2024 Update - Kilchurn Castle can be viewed from outside, but access to the interior is not allowed at the time of writing due to conservation work (5 February 2024)

Kilchurn Castle stands on a peninsula at the eastern end of Loch Awe and is clearly visiible from the northern end of the A819 as it approaches the A85. However, from the A85 Tyndrum - Oban road, it is partially obscured by trees.

There is a path that leads to Kilchurn Castle from the A85, but it is not obvious and you will really need to follow the directions in our itineraries. The path has a good gravel surface so you can keep your feet dry, but it is not suitable for wheelchair access.

Kilchurn Castle was started in the 1440's and the original site was actually an island. The island became connected to the shore when the water level of Loch Awe was lowered in the 1800's.

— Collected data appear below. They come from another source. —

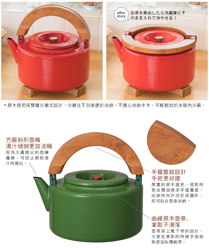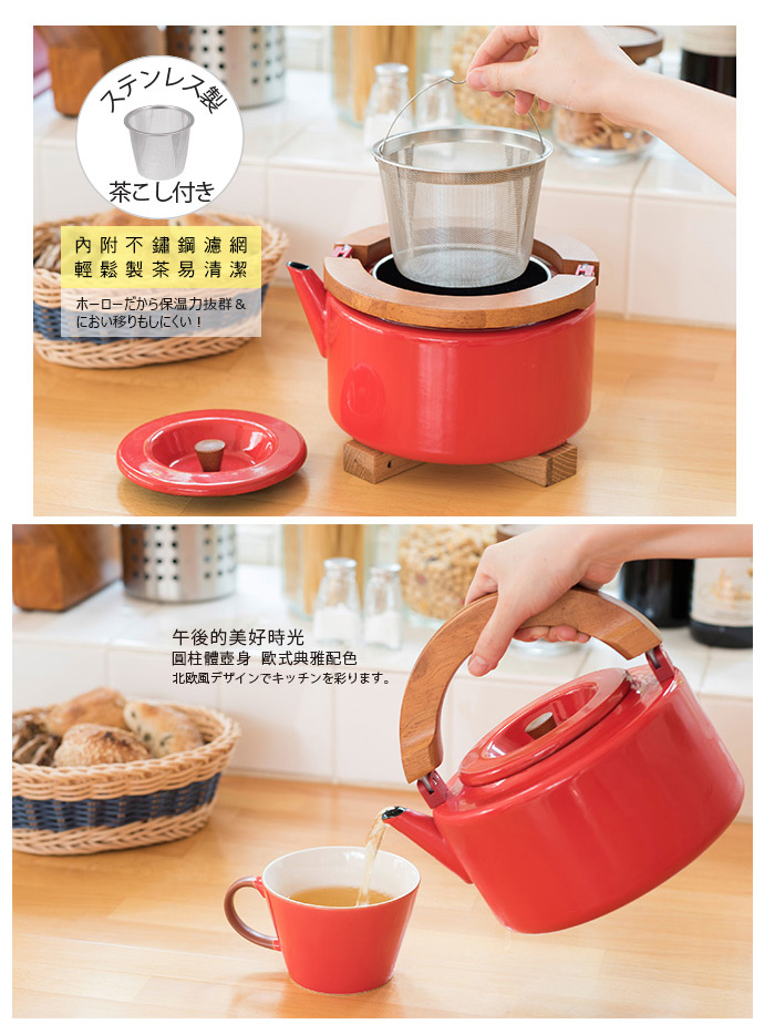 質地CB Japan 北歐系列琺瑯原木泡茶兩用壺-熱情紅 - 016094276擁有推薦-杯壺茶具
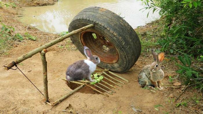 Чтобы не использовать капканы, которые навредят здоровью животного, следует обратиться к более гуманным способам. Для ловли дикого кролика достаточно сделать и применить одну из четырех предлагаемых конструкций.
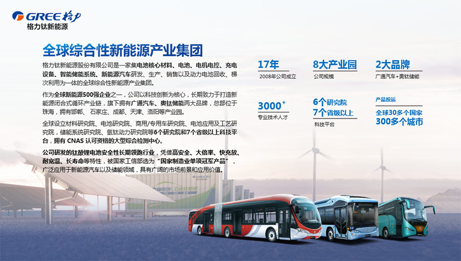 格力鈦新能源股份有限公司是一家集電池核心材料、電池、電機電控、充電設備、智能儲能系統(tǒng)、新能源汽車研發(fā)、生產、銷售以及動力電池回收、梯次利用為一體的全球綜合性新能源產業(yè)集團。
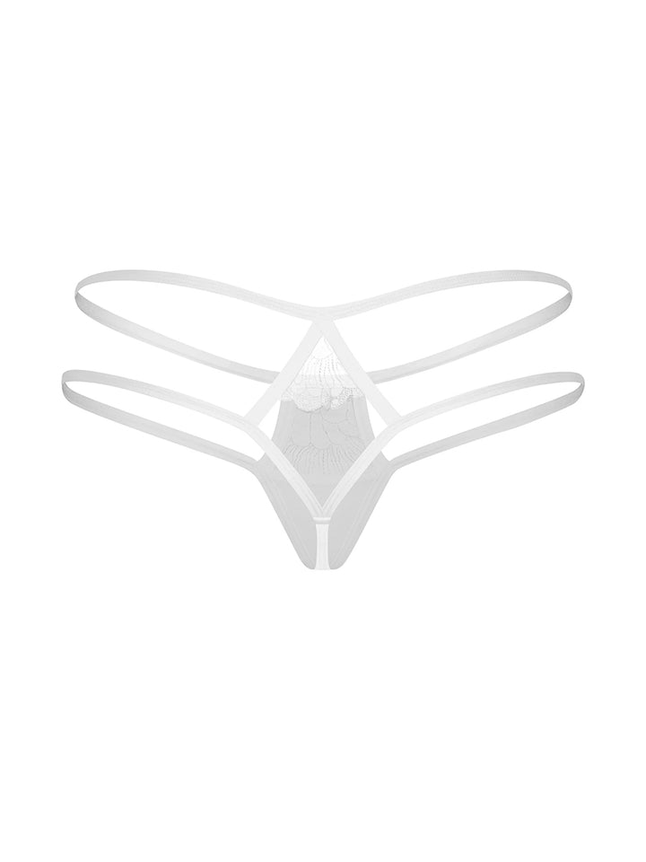 White can be provocative too. Lace with subtle embroidery is framed by a geometric composition of elastic straps. This unique design highlights the feminine silhouette and draws attention. A sheer panel teases more than it reveals, while the decorative pendant adds an elegant finishing touch.

Like Innischonnel Castle, which is on the south shore of Loch Awe, Kilchurn Castle was a Clan Campbell stronghold. The original building was a 5 storey tower house, which was then extended in the 17th century. The information board outside the castle gives a brief history of the castle's development and explains that Kilchurn Castle had Scotland's first purpose built barracks (circa 1693).

Kilchurn Castle doesn't seem to have experienced too much conflict other than a Clan dispute with the MacGregors. After the Jacobite Rebellion, it became a garrison for Hanoverian (Redcoat) Troops.  They would probably have been the last occupants, as the castle was abandoned in the 1760's following a fire caused by a lightning strike.

Despite the damage, a good deal remains of Kilchurn Castle. If the interior is open,  you can climb up to wooden platforms that have been erected in the remains of the higher battlements. This gives you great views to the west along Loch Awe.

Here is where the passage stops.